Below is a listing; repeat exactly the lines from the one containing "Contemporary Nordic Cake" to the one containing "We did not have", both included.

START Exercise inputs

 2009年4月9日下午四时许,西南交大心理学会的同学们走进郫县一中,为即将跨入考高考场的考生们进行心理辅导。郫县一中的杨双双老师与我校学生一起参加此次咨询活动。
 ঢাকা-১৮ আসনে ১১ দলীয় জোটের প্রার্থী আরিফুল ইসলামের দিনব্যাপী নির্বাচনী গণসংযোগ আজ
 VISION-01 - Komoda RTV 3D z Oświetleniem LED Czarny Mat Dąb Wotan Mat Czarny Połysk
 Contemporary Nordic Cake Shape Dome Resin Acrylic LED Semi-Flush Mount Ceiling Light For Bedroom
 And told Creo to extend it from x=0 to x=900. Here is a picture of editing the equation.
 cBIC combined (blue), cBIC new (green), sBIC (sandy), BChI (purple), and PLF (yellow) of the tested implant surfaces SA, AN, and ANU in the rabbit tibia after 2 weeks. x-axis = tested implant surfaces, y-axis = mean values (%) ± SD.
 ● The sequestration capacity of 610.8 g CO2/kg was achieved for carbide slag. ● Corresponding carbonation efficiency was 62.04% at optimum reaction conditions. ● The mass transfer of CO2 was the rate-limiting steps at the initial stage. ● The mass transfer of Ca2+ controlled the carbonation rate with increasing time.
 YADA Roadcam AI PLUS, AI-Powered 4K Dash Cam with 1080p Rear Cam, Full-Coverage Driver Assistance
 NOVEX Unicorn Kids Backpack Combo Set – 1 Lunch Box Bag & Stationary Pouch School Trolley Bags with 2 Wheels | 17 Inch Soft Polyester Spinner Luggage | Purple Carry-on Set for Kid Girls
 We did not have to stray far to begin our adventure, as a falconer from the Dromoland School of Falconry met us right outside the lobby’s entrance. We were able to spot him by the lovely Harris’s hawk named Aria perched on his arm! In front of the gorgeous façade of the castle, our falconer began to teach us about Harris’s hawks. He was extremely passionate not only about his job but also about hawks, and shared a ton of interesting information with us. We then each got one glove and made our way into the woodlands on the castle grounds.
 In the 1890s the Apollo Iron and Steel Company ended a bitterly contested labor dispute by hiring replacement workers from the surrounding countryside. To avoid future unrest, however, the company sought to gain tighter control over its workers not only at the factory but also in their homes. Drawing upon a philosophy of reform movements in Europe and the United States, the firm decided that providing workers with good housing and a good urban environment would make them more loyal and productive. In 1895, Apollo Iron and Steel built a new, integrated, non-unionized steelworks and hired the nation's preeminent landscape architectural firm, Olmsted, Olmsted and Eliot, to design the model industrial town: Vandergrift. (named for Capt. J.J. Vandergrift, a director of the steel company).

END Exercise inputs

Response to this exercise -
 Contemporary Nordic Cake Shape Dome Resin Acrylic LED Semi-Flush Mount Ceiling Light For Bedroom
 And told Creo to extend it from x=0 to x=900. Here is a picture of editing the equation.
 cBIC combined (blue), cBIC new (green), sBIC (sandy), BChI (purple), and PLF (yellow) of the tested implant surfaces SA, AN, and ANU in the rabbit tibia after 2 weeks. x-axis = tested implant surfaces, y-axis = mean values (%) ± SD.
 ● The sequestration capacity of 610.8 g CO2/kg was achieved for carbide slag. ● Corresponding carbonation efficiency was 62.04% at optimum reaction conditions. ● The mass transfer of CO2 was the rate-limiting steps at the initial stage. ● The mass transfer of Ca2+ controlled the carbonation rate with increasing time.
 YADA Roadcam AI PLUS, AI-Powered 4K Dash Cam with 1080p Rear Cam, Full-Coverage Driver Assistance
 NOVEX Unicorn Kids Backpack Combo Set – 1 Lunch Box Bag & Stationary Pouch School Trolley Bags with 2 Wheels | 17 Inch Soft Polyester Spinner Luggage | Purple Carry-on Set for Kid Girls
 We did not have to stray far to begin our adventure, as a falconer from the Dromoland School of Falconry met us right outside the lobby’s entrance. We were able to spot him by the lovely Harris’s hawk named Aria perched on his arm! In front of the gorgeous façade of the castle, our falconer began to teach us about Harris’s hawks. He was extremely passionate not only about his job but also about hawks, and shared a ton of interesting information with us. We then each got one glove and made our way into the woodlands on the castle grounds.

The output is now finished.